Such a stackable high-frequency phase shifter has its own housing, in which a rotatably mounted pickup is arranged, which is electrically coupled via a arranged in the region of its axis of rotation coupling point with a feed line. The high-frequency phase shifter in this case has a coupling element which allows a spaced from the axis of rotation of the pickup coupling the movement of the pickup of the high-frequency phase shifter with the movement of a pickup of another high-frequency phase shifter. By stacking two or more of such stackable high frequency phase shifters, a high frequency phase shifter group according to the present invention as described above can be provided.

The stackable high-frequency phase shifter can be designed as described above with regard to the high-frequency phase shifter assembly.

In particular, the coupling point can be electrically shielded by the housing at least to one side of the axis of rotation to the outside. Furthermore, two stacked high-frequency phase shifters preferably have an electrical decoupling of at least 25 dB, further preferably at least 29 dB, more preferably at least 35 dB, further preferably at least 40 dB.

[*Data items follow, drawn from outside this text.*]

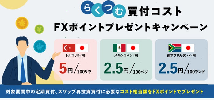 対象期間中の定期買付、スワップ再投資買付に必要なコスト相当額をFXポイントでプレゼント
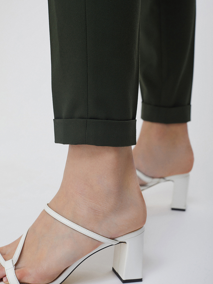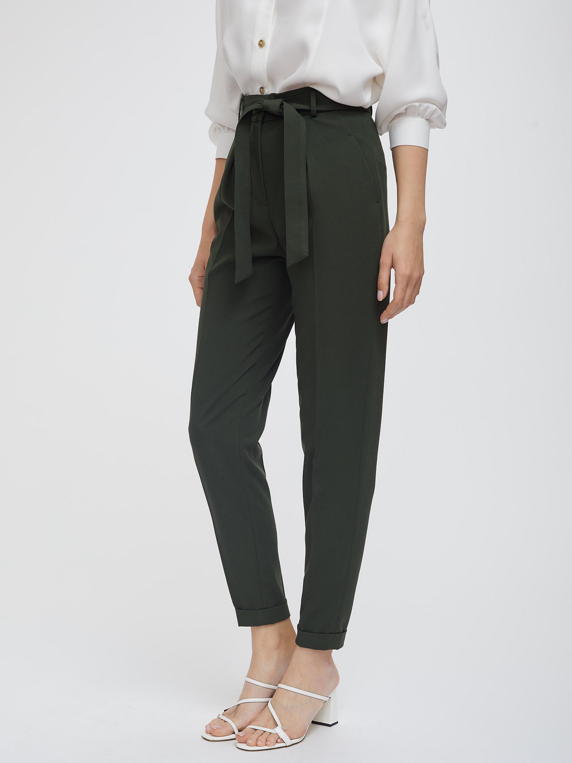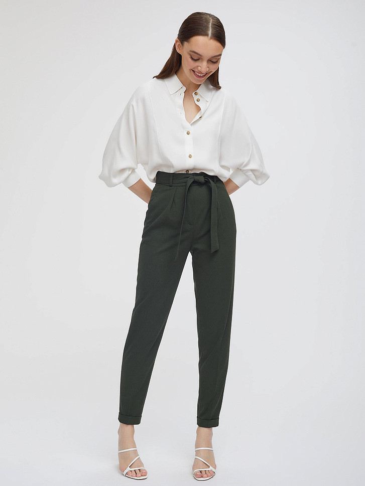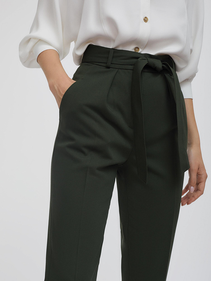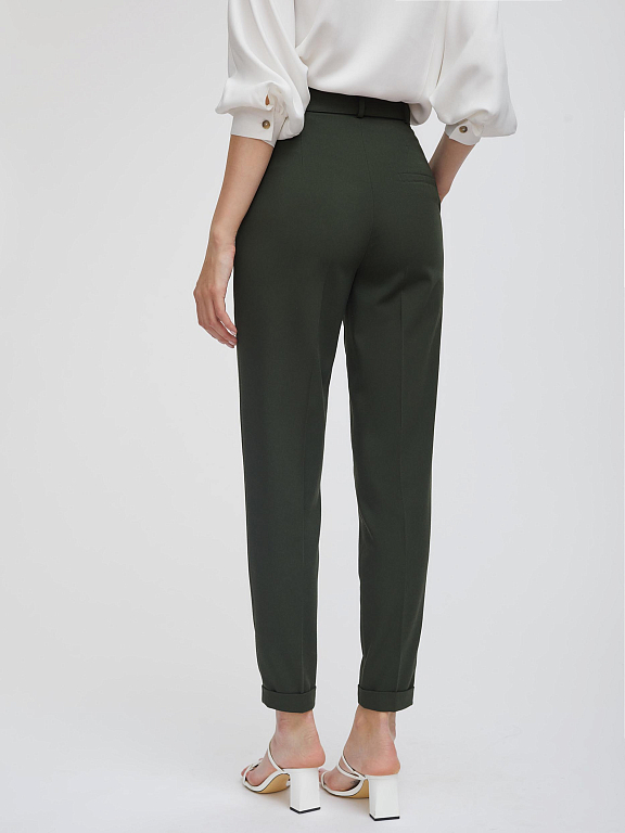 Брюки зауженного кроя. Высокая посадка, втачной пояс, защипы, боковые карманы, декоративный карман сзади, отвороты по нижнему краю. В комплекте пояс.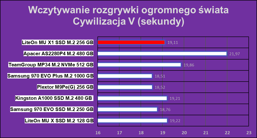 W kwestii wydajności w grach i programach jest z kolei przyzwoicie, patrząc ciągle przez pryzmat ceny. LiteOn Mu X1 nie dorasta do pięt najwydajniejszym dyskom z zestawienia, ale też nie odstaje od nich i w 4/5 przypadkach sprawdza się lepiej w porównaniu do swojego poprzednika.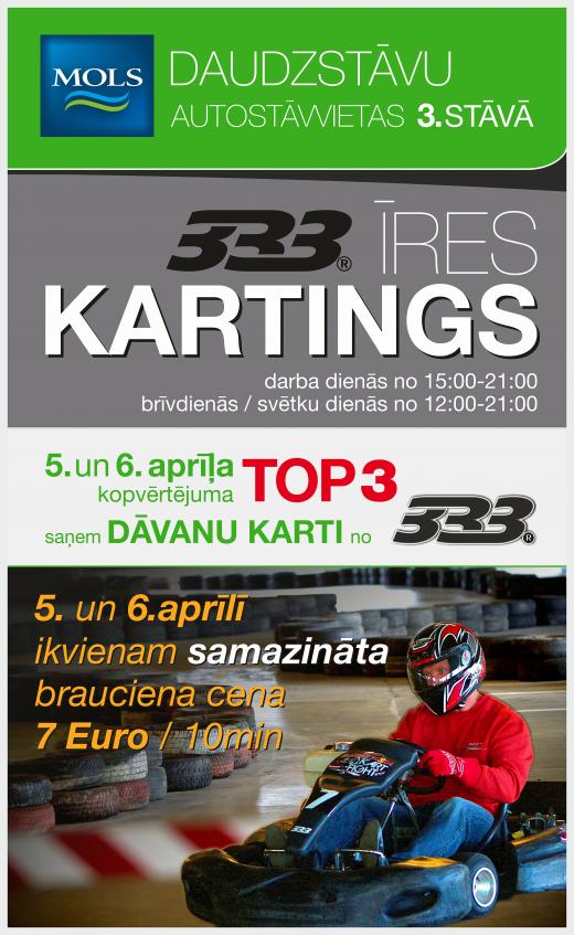 5. un 6.aprīlī tiek dots starts jaunajai kartinga sezonai. Tirdzniecības centra „Mols” daudzstāvu autostāvvietas 3.stāvā otro gadu pēc kārtas līdz vēlam rudenim ikvienam interesentam būs iespējas sēsties pie kartinga stūres. Jaunās 333 kartinga trases garums ir 450m, un vidējais trases apļa veikšanas ātrums ir 18sec. Trases izveidē ir izmantotas 1000 vieglo automašīnu riepas.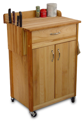 A knife rack and back-splash galley are two features that make this a great food prep station. This cart features a hardwood, food-safe butcher block top, hardwood drawer, doors, legs and braces with warp-resistant veneer side and back panels ke 1524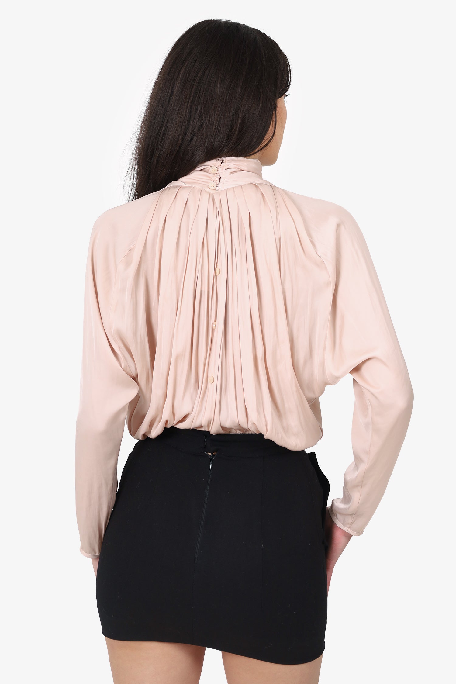 Refresh availabilitySmythe Pale Pink/Black Satin Long Sleeve Mock Neck Mini Dress. Slip–on. Mock neckline. Rear top button-up closure. Bottom rear skirt zip closure with clasp. Side slip pockets with fold-over front detail. Tonal stitching.

Furthermore, it can be provided that the housing in the region of the axis of rotation of the pickup has at least on one side of the axis of rotation no openings whose outer circumference is greater than 1/8 of the minimum wavelength of the signals with which the high-frequency phase shifter is operated. Preferably, the housing in the region of the axis of rotation of the pickup at least on one side of the axis of rotation out no breakthroughs whose outer circumference is greater than 1/10 and more preferably greater than 1/15 of the minimum wavelength of the signals.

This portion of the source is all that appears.